* _Task instructions_:
Look through the entries below and copy exactly the part that begins with the line containing "한국시사경제 경기취재본부 |" and ends with the line containing "Crews from the". Do not copy the pictures.

* _Data records_:
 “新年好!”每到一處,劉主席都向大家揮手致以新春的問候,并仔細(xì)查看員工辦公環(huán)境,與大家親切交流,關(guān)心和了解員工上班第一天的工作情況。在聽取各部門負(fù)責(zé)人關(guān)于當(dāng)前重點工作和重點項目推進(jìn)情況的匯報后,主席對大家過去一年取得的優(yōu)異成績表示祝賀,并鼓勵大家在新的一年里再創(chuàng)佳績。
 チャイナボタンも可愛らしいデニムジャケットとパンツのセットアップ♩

...

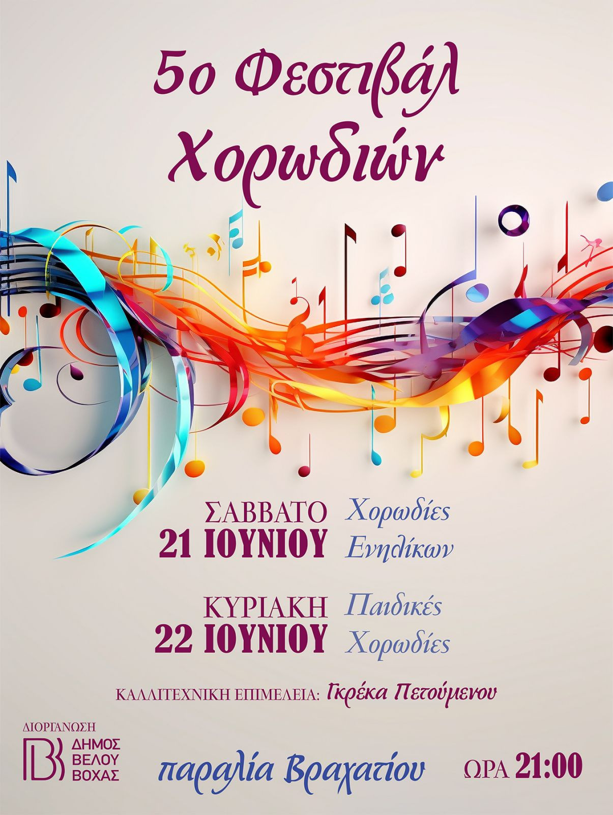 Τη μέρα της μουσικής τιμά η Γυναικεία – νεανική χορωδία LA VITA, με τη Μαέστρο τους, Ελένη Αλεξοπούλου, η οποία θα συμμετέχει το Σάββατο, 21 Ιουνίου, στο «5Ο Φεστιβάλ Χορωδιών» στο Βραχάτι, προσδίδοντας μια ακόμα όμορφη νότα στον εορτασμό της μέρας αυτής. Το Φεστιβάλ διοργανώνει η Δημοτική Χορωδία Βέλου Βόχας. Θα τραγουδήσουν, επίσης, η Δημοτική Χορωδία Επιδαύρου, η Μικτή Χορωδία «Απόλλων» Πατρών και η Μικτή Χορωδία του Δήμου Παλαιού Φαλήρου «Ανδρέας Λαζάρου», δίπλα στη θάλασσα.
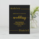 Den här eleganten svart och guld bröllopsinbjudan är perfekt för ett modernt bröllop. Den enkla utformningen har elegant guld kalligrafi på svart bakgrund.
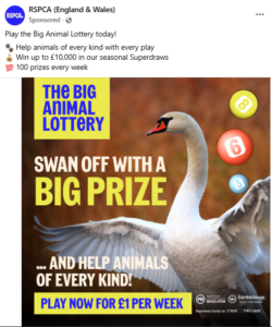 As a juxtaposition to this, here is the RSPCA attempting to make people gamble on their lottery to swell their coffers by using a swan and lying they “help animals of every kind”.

--

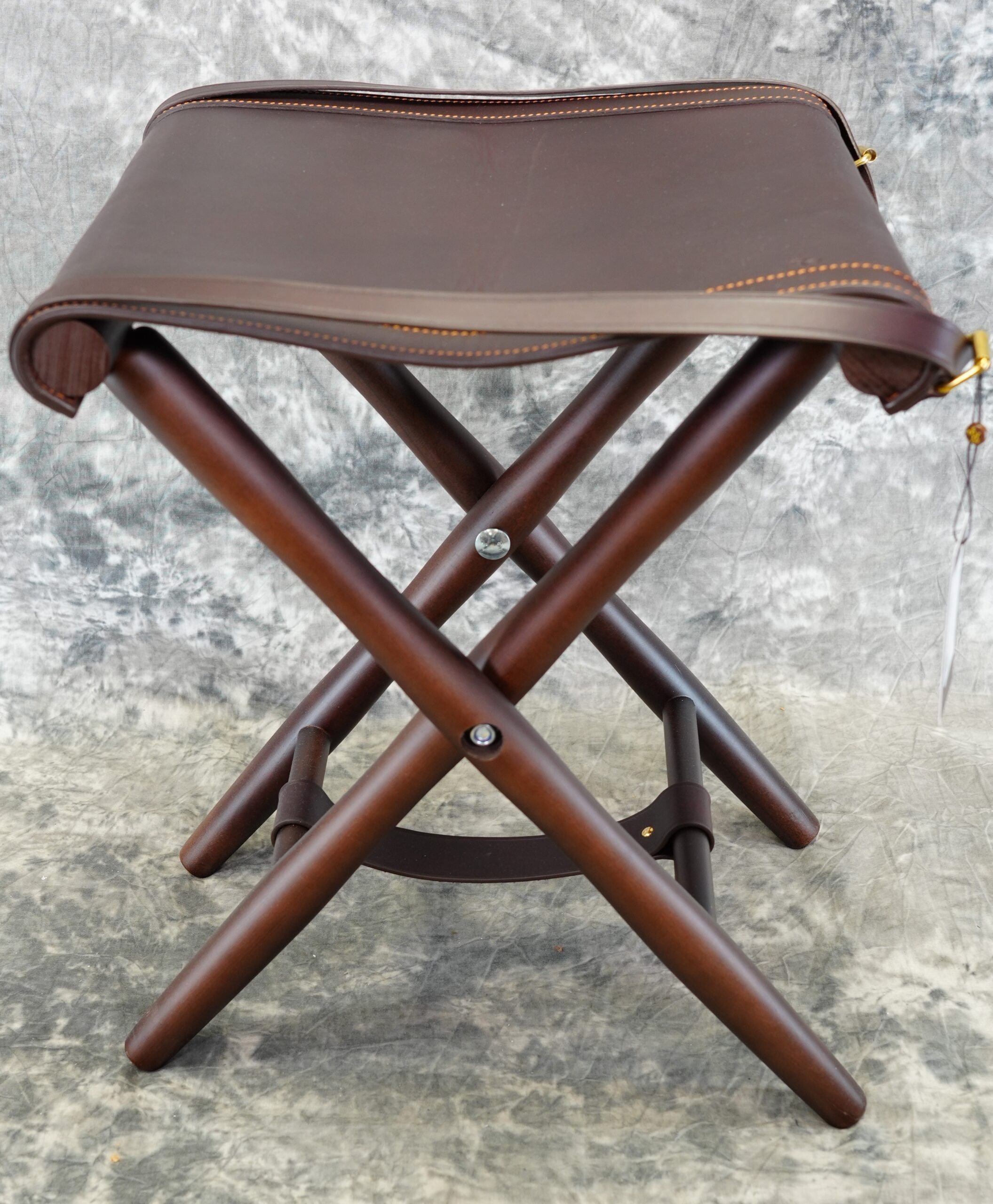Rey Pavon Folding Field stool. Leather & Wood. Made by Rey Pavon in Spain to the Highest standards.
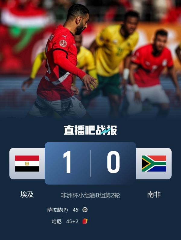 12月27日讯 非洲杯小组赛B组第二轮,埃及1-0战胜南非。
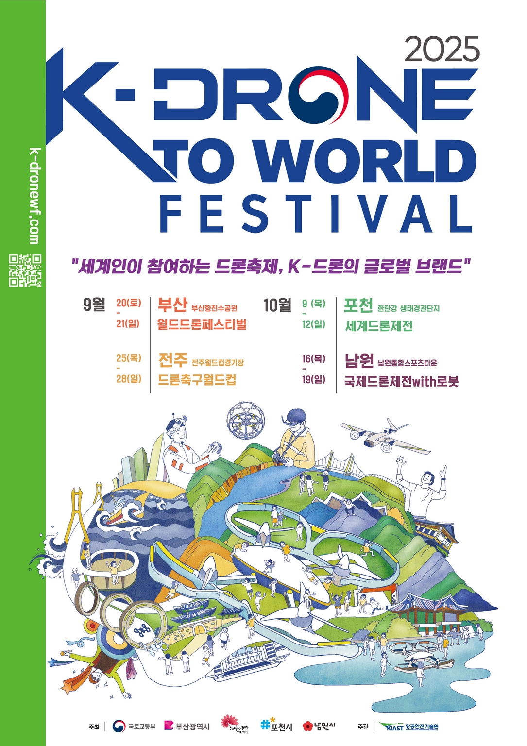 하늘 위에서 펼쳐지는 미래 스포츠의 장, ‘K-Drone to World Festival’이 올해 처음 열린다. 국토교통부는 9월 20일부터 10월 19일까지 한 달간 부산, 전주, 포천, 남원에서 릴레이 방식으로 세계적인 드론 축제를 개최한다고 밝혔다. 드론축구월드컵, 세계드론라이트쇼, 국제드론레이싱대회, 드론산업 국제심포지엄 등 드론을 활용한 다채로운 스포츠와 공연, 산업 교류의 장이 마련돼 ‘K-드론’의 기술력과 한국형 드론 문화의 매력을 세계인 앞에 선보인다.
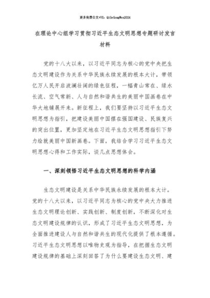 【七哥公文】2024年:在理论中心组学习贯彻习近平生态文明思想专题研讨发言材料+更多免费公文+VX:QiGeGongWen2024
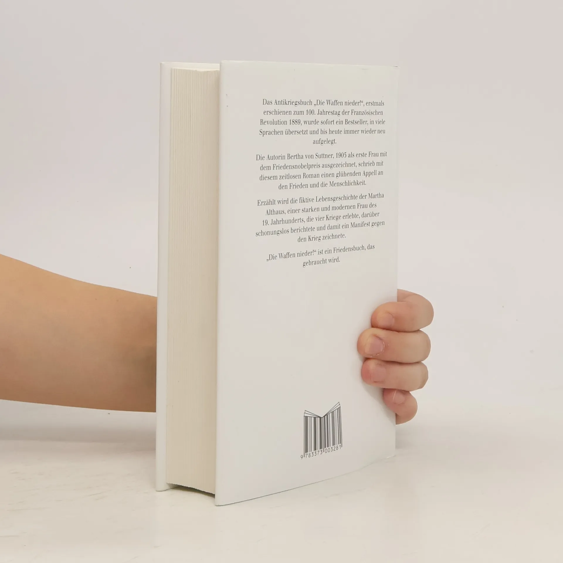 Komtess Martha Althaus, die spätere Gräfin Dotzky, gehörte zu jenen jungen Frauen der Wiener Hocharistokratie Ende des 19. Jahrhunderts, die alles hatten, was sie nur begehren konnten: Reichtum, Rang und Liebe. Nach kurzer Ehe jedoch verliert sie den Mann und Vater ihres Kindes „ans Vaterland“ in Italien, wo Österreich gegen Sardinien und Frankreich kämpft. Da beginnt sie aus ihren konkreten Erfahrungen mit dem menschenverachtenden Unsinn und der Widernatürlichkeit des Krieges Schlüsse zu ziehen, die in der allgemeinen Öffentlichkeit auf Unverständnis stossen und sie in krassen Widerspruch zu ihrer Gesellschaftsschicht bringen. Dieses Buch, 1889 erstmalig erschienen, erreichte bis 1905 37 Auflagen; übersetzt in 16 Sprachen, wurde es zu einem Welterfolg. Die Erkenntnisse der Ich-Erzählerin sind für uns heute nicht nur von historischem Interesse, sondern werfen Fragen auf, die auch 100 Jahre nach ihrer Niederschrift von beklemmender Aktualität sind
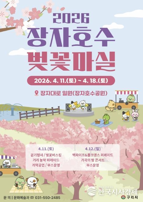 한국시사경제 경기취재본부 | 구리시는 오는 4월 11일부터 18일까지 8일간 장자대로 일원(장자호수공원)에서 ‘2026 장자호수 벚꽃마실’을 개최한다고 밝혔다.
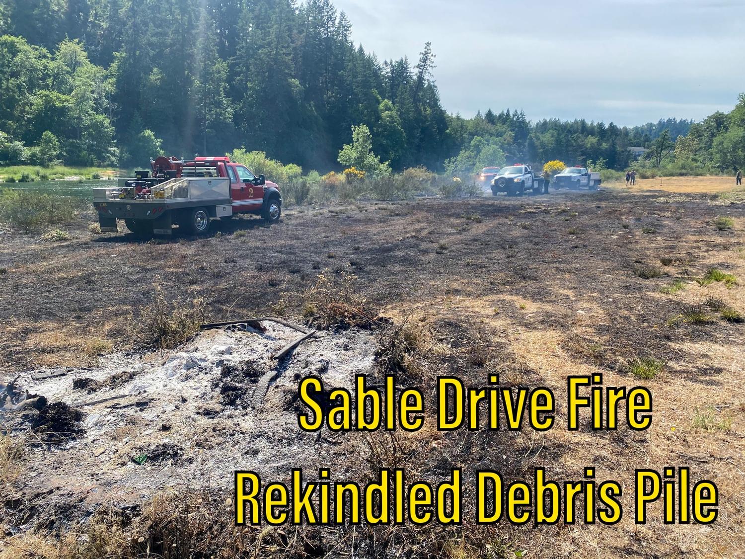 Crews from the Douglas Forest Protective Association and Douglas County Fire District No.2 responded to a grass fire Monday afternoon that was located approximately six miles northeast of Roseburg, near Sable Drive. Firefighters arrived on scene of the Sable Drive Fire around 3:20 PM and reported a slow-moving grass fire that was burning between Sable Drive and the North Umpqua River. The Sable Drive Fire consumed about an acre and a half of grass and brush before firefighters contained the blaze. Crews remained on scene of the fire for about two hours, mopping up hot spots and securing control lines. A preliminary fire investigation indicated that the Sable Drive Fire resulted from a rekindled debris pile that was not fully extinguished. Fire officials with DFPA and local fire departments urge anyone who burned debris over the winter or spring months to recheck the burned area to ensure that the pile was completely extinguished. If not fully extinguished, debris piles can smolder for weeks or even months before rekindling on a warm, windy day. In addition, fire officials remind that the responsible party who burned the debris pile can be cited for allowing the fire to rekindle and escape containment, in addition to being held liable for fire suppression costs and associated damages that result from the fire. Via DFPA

* _Solution to the exercise_:
 한국시사경제 경기취재본부 | 구리시는 오는 4월 11일부터 18일까지 8일간 장자대로 일원(장자호수공원)에서 ‘2026 장자호수 벚꽃마실’을 개최한다고 밝혔다.
 Crews from the Douglas Forest Protective Association and Douglas County Fire District No.2 responded to a grass fire Monday afternoon that was located approximately six miles northeast of Roseburg, near Sable Drive. Firefighters arrived on scene of the Sable Drive Fire around 3:20 PM and reported a slow-moving grass fire that was burning between Sable Drive and the North Umpqua River. The Sable Drive Fire consumed about an acre and a half of grass and brush before firefighters contained the blaze. Crews remained on scene of the fire for about two hours, mopping up hot spots and securing control lines. A preliminary fire investigation indicated that the Sable Drive Fire resulted from a rekindled debris pile that was not fully extinguished. Fire officials with DFPA and local fire departments urge anyone who burned debris over the winter or spring months to recheck the burned area to ensure that the pile was completely extinguished. If not fully extinguished, debris piles can smolder for weeks or even months before rekindling on a warm, windy day. In addition, fire officials remind that the responsible party who burned the debris pile can be cited for allowing the fire to rekindle and escape containment, in addition to being held liable for fire suppression costs and associated damages that result from the fire. Via DFPA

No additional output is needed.